Skip to content
Reviews

Sasha & Digweed, ‘Delta Heavy’ (System)

CNN reporter Serena Wang wasn’t the first person to tell the world that electronic music was “hanging on the fringes of mainstream America, and it’s really starting to creep in.” But on the opening night of dance music’s biggest ever U.S. tour, helmed by superstar British DJs Sasha and John Digweed, it wasn’t a ridiculous idea at all.

It was the spring of 2002, five years after the mainstream American music press had begun touting dance music as the new rock’n’roll. Even though Twilo — the legendary NYC club where Sasha and Digweed first broke through in America — had closed (perhaps a telling sign of the fallout to come), DJs like S&D, Carl Cox, and Paul van Dyk were releasing albums by the boatload and touring incessantly. But rock’n’roll — propelled by bands like the Strokes, the Killers, Franz Ferdinand and others — made a massive comeback, stalling trance and house music in their tracks, and today, Sasha and Digweed rarely perform live together.
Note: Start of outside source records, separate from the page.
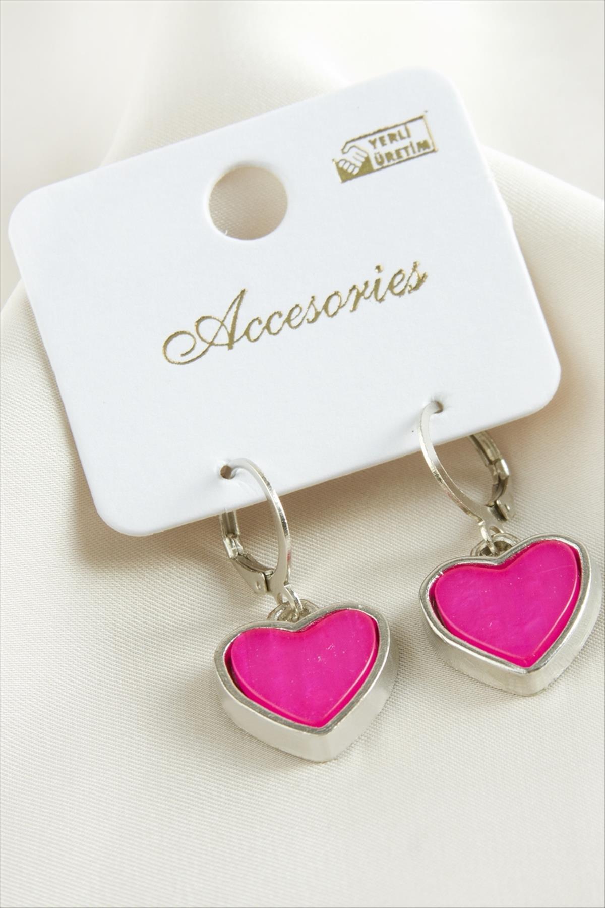 Kalp Polyester Küpe-Pembe
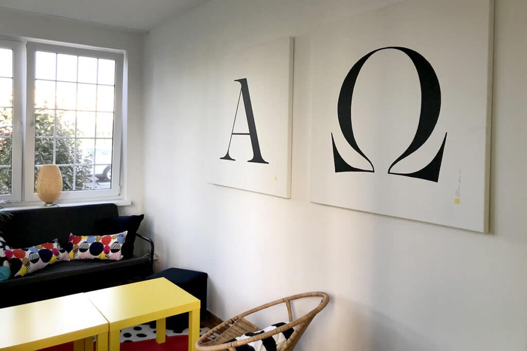 Do katolickiego ducha domu nawiązują również wykonane przeze mnie prace przedstawiające symbole chrześcijańskie: krzyż, ryba, gołębica, oko opatrzności oraz alfa i omega (akryl na płótnie, format 90/90 cm).
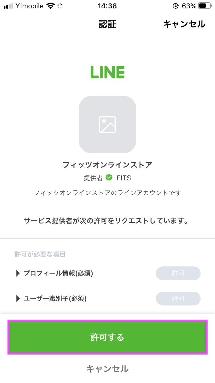 承認画面が表示されますので 、【許可する】を タップしてください。
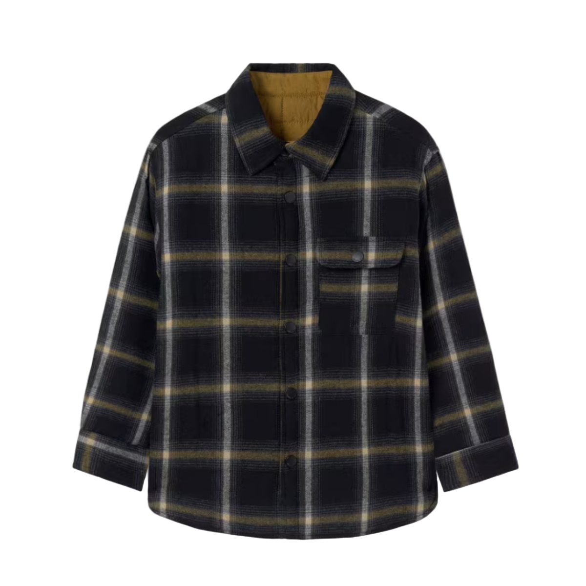 This reversible Quilted Overshirt is a practical and stylish choice for cooler days. Designed with comfort and versatility in mind, this overshirt features a lightweight quilted finish on one side and a smooth fabric on the other, offering two looks in one. Perfect for layering, it provides just the right amount of warmth without feeling bulky. The snap-button front makes dressing easy, while front pockets add a functional touch. 100% Cotton Long sleeve Classic collar Front button closure Chest flap pocket Plaid pattern Black-white-yellow colorway Mustard yellow lining Midweight fabric Imported
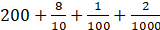 200.812 = 200 + 0.8 + 0.01 + 0.002
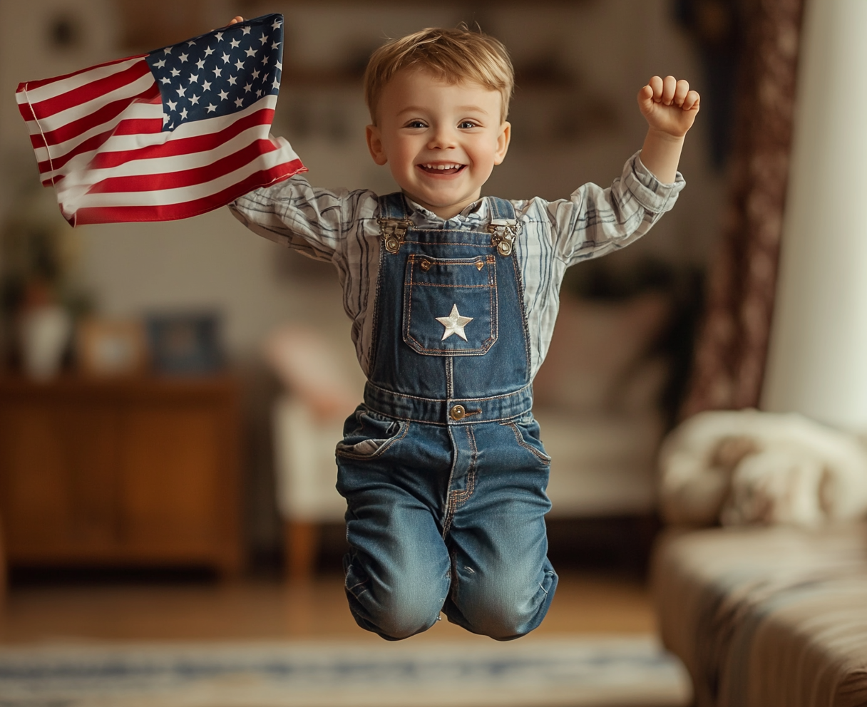 Show your American pride with this heartwarming image of childhood joy and patriotism. Perfect for real estate agents looking to connect with families and highlight the American dream of homeownership, this photo captures the excitement and promise of a bright future.
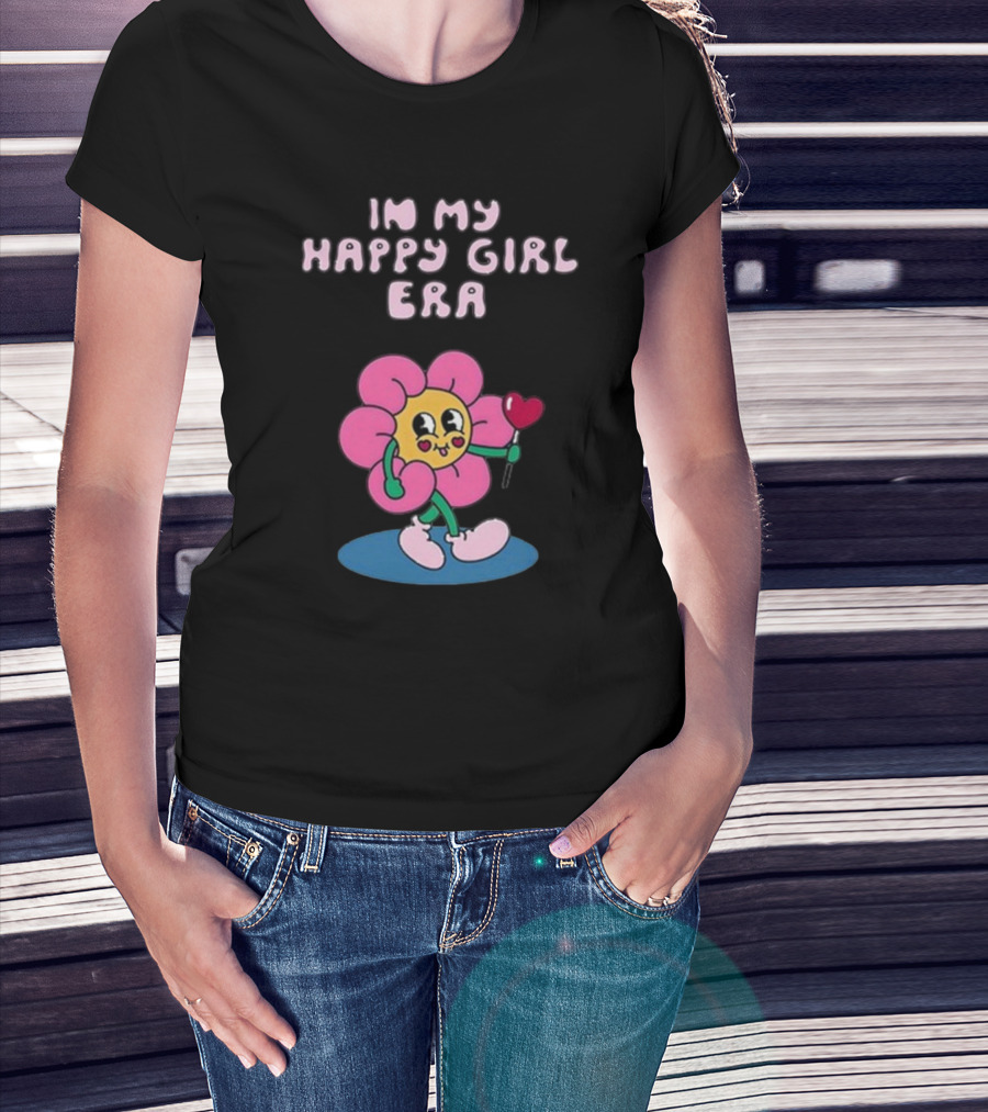 In My Happy Girl Era With Pink Flower Character And Heart Lollipop T-Shirt
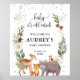 This baby shower welcome sign features a script heading and your custom text surrounded by woodland animals in a winter theme. Use the template form to add your personalisation.
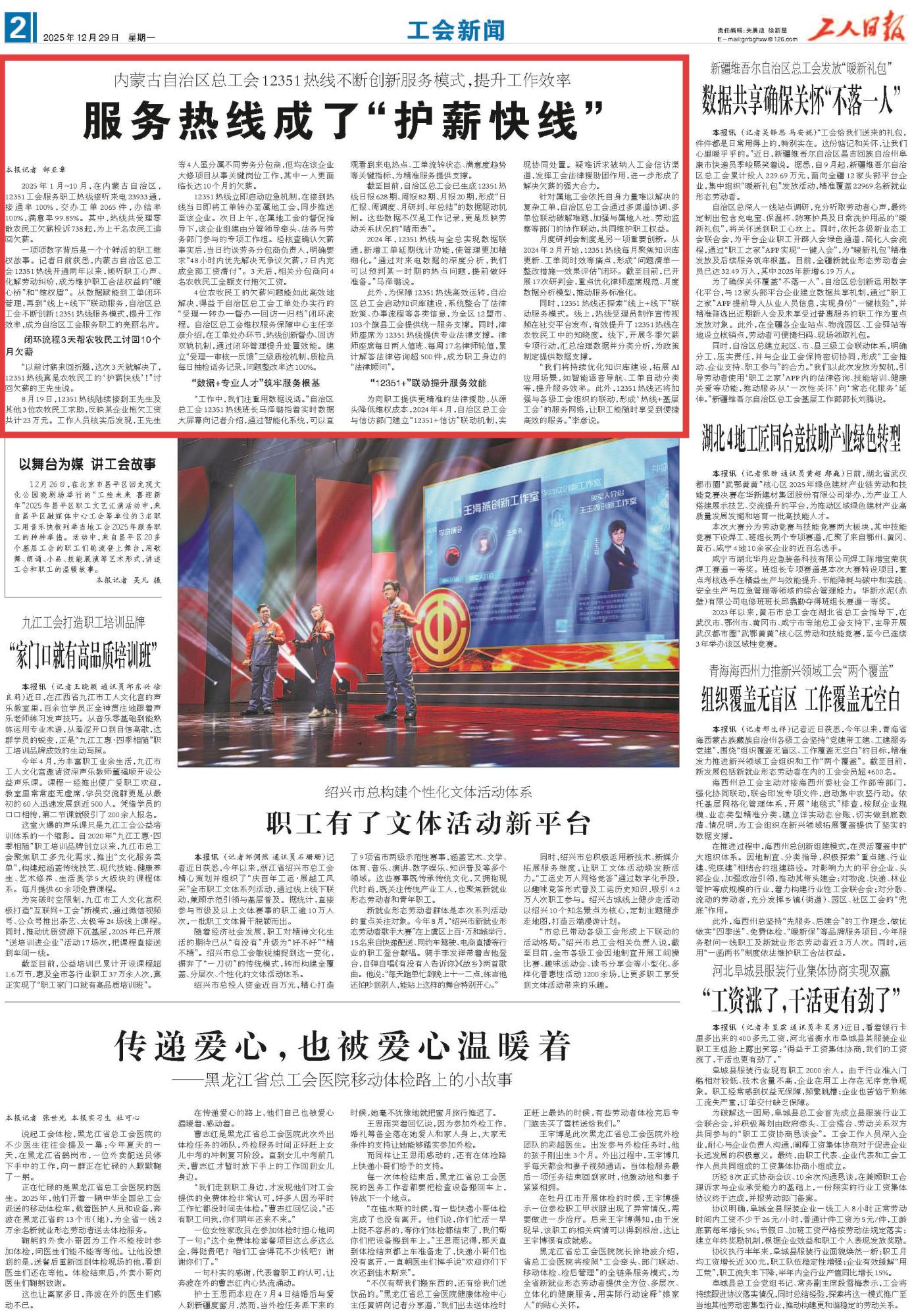 2025年12月29日,《工人日?qǐng)?bào)》第2版刊發(fā)題為《服務(wù)熱線成了“護(hù)薪快線”》的文章,報(bào)道了內(nèi)蒙古自治區(qū)總工會(huì)12351熱線開(kāi)通兩年以來(lái),傾聽(tīng)職工心聲、化解勞動(dòng)糾紛,成為維護(hù)職工合法權(quán)益的“暖心橋”和“維權(quán)盾”。其中,熱線共受理零散農(nóng)民工欠薪投訴738起,為上千名農(nóng)民工追回欠薪。

That 2002 tour, dubbed Delta Heavy, was chronicled for a documentary, which arrives nearly four years later, long after dance music’s pop culture funeral. The film could have made a case for electronic music’s continued relevance: The shimmering excitement of that summer is captured handily, punctuated by many sequences of sweaty, pulsating torsos and bug-eyed dudes dancing with light sticks. But those dance sequences become repetitive, and instead of having the DJs discuss why their music was important, producer and director Ben Turner decided to focus mostly on the workings behind the tour, hoping to scour some drama via scenes of roadies trucking turntables in and out of arenas. We are told by the DJs that the two-month tour is tiring during a rooftop interview, but there are no visual suggestions of frustrated arguments, police clampdowns, or all-night parties. Did they even have a good time? We’ll never know, and the people who made it out to those massive gigs probably don’t even remember.